2. Tindakan intimidasi terhadap panitia penyelenggara dan narasumber diskusi (Prof. Dr. Ni’matul Huda, S.H., M.Hum.) sungguh tidak dapat dibenarkan baik secara hukum maupun akal sehat. Bagaimana mungkin diskusi belum dilaksanakan, materi belum pula dipaparkan, tetapi penghakiman bahwa kegiatan diskusi akan berujung makar sudah disampaikan.

Sivitas akademika Universitas Islam Indonesia menilai tindakan dimaksud
bukan hanya tidak proporsional melainkan juga mengancam kebebasan berpendapat yang dijamin oleh UUD NRI Tahun 1945. Sivitas akademika Universitas Islam Indonesia, khususnya sivitas akademika Fakultas Hukum UII, merasa prihatin dengan kejadian intimidasi yang terjadi; dan

3. Tindakan-tindakan berupa intimidasi, pembubaran hingga pemaksaan untuk
membatalkan diskusi adalah tindakan yang tidak bisa diberi toleransi oleh hukum demi tegaknya HAM dan kebebasan akademik. Oleh karena itu, harus ada tindakan yang tegas dari penegak hukum terhadap oknum pelaku tindakan intimidasi berdasarkan peraturan perundang-undangan.

Berdasarkan hal-hal di atas, sivitas akademika Universitas Islam Indonesia yang senantiasa peduli dengan tegaknya jaminan HAM dan kebebasan mimbar akademik menyampaikan pernyataan sikap sebagai berikut:

1. Mengutuk keras tindakan intimidasi yang dilakukan oleh oknum tertentu terhadap panitia penyelenggara dan narasumber dalam diskusi yang diselenggarakan oleh kelompok studi mahasiswa “Constitutional Law Society” FH UGM;

2. Meminta aparat penegak hukum untuk memproses, menyelidiki dan melakukan tindakan hukum terhadap oknum pelaku tindakan intimidasi terhadap panitia penyelenggaradan narasumber diskusi dengan tegas dan adil;

3. Meminta aparat penegak hukum untuk memberikan perlindungan terhadap panitia penyelenggara dan narasumber, serta keluarga mereka, dari tindakan intimidasi lanjutan dalam segala bentuknya, termasuk ancaman pembunuhan;

4. Meminta Komisi Nasional Hak Asasi Manusia (Komnas HAM) untuk mengawal penuntasan kasus ini agar terjamin tegaknya HAM dalam rangka melindungi segenap dan seluruh tumpah darah Indonesia;

5. Meminta Presiden Republik Indonesia c.q. Menteri Pendidikan dan Kebudayaan untuk memastikan terselenggaranya kebebasan akademik demi menjamin Indonesia tetap dalam rel demokrasi yang menjunjung tinggi kebebasan berekspresi dan menyatakan
pendapat di muka umum; dan

6. Menyerukan kepada seluruh rakyat Indonesia untuk tetap menggunakan hak/kebebasan berekspresi dan mengemukakan pendapat di muka umum, sepanjang sesuai dengan koridor peraturan perundang-undangan, demi menjaga proses demokratisasi tetap berjalan pada relnya.

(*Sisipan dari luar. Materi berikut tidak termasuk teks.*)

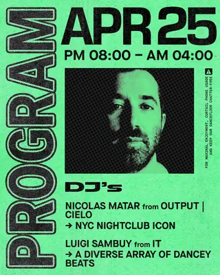 Outer Heaven presents: Nicolas Matar on April 25, 2026 at Outer Heaven, New York City features Nicolas Matar and Luigi Sambuy performing house DJ sets.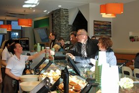 Im Naschhaus Häussler am Schrannenplatz gab Oberbürgermeister Manfred Schilder den Startschuss für die Einführung des "Allgäu-Bechers" der Firma Recup in Memmingen. Den Pfandbecher für heiße Getränke zum Mitnehmen gibt es ab sofort für einen Euro Pfand auch in Kempten und im Landkreis Unterallgäu bei allen teilnehmenden Betrieben. "Das ist ein wichtiger Beitrag zur Müllvermeidung und ich bin sicher, die Vorreiter, die den Allgäu-Becher anbieten, werden bald Nachahmer finden", sagte Schilder.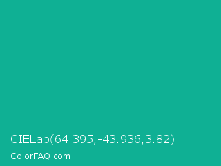 CIELab 64.395,-43.936,3.82 Color is a normal cyan color and the nearest color is Persian Green #00a693. Hex code #0fb094 and RGB value is rgb(15,176,148). In RGB color space, this color is composed of 6% red, 69% green, 58% blue, In CMYK color space, this color is composed of 91% cyan, 0% magenta, 16% yellow , 31% black , In HSL color space, this color has a hue angle of 170° , 84% saturation and 37% lightness.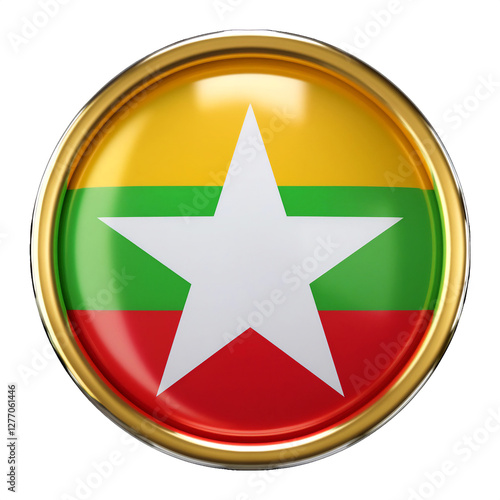 ミャンマーの国旗のブローチ。白背景。(Myanmar flag brooch on white background.)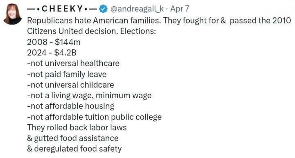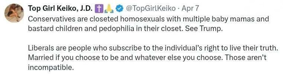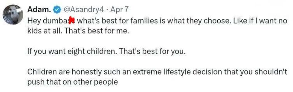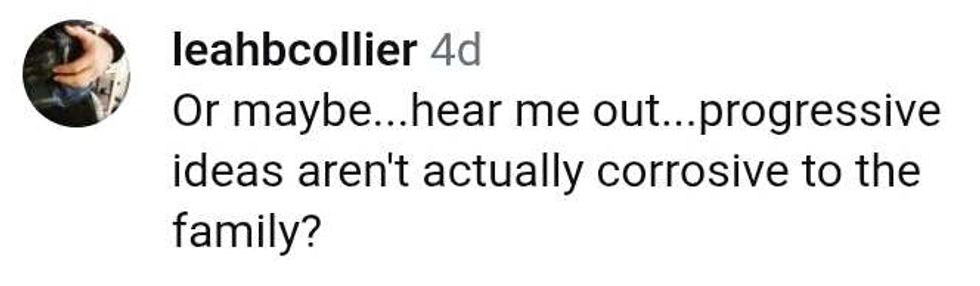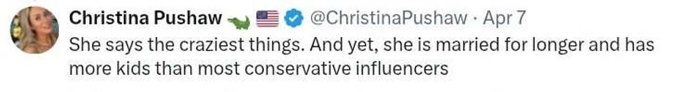 "She says the craziest things. And yet, she is married for longer and has more kids than most conservative influencers"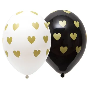 Высококачественный шар из натурального латекса. Черного и белого цветов. Шары с пятисторонним - круговая печать, шелкографическим рисунком Сердца золотые. Предназначен для розничной продажи воздушных шариков. Идеальный ассортимент для свадебных оформлений и ко Дню Святого Валентина, т.к. при плетении из него гирлянд - рисунок будет очень хорошо виден. Продукция на тему Любовь к свадебе, ко Дню Святого Валентина, к 8 Марта.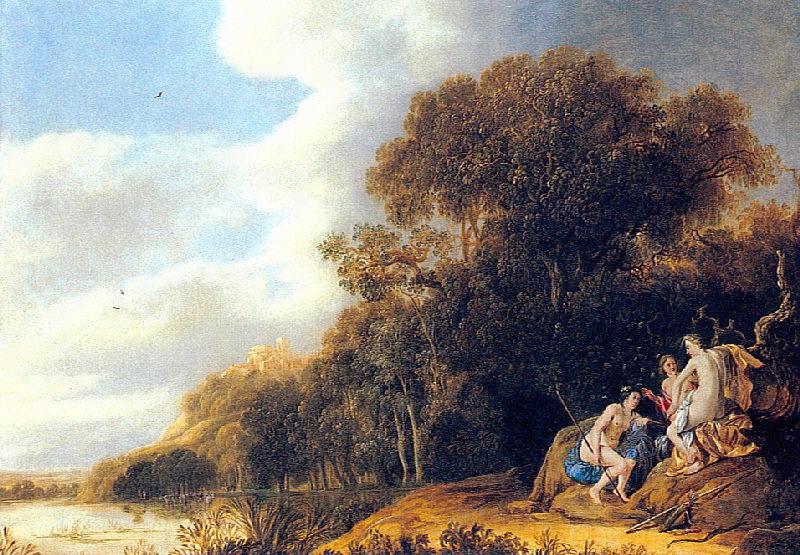 Dans un paysage calme et harmonieux, tout à fait caractéristique de la production de Keirincx, trois nymphes se reposent au bord d'un lac. L'ensemble est calme et apaisé dans une nature arcadienne. Paysage dans la tradition du paysage flamand. Dans l'angle inférieur droit, 3 nymphes nues se reposent apportant un complément idéal à cet élégant paysage.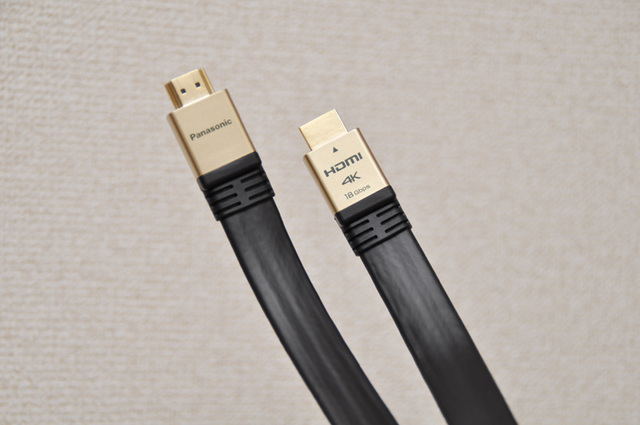 パナソニックのプレミアムグレードのHDMIケーブル、RP-CHKXシリーズを用意した。平型でコネクターも強靱。ずっしりとした手応えだ

Demikian pernyataan sikap ini disampaikan untuk menjadi maklumat bagi Presiden Republik
Indonesia, Menteri Pendidikan dan Kebudayaan, Kepolisian Republik Indonesia, Komisi Nasional Hak Asasi Manusia, dan seluruh rakyat Indonesia.

Penyataan sikap ini adalah bukti bahwa sivitas akademika Universitas Islam Indonesia tak
lelah mencintai Indonesia untuk tetap menjadi bangsa dan negara yang bermartabat dan demokratis.

Semoga Allah Swt.,Tuhan Yang Maha Esa, senantiasa membimbing bangsa Indonesia agar tetap konsisten menapaki jalan demokrasi yang saat ini kian tertatih. Yogyakarta, 7 Syawal 1441/30 Mei 2020. Penulis : Prof. Fathul Wahid, S.T., M.Sc., Ph.D.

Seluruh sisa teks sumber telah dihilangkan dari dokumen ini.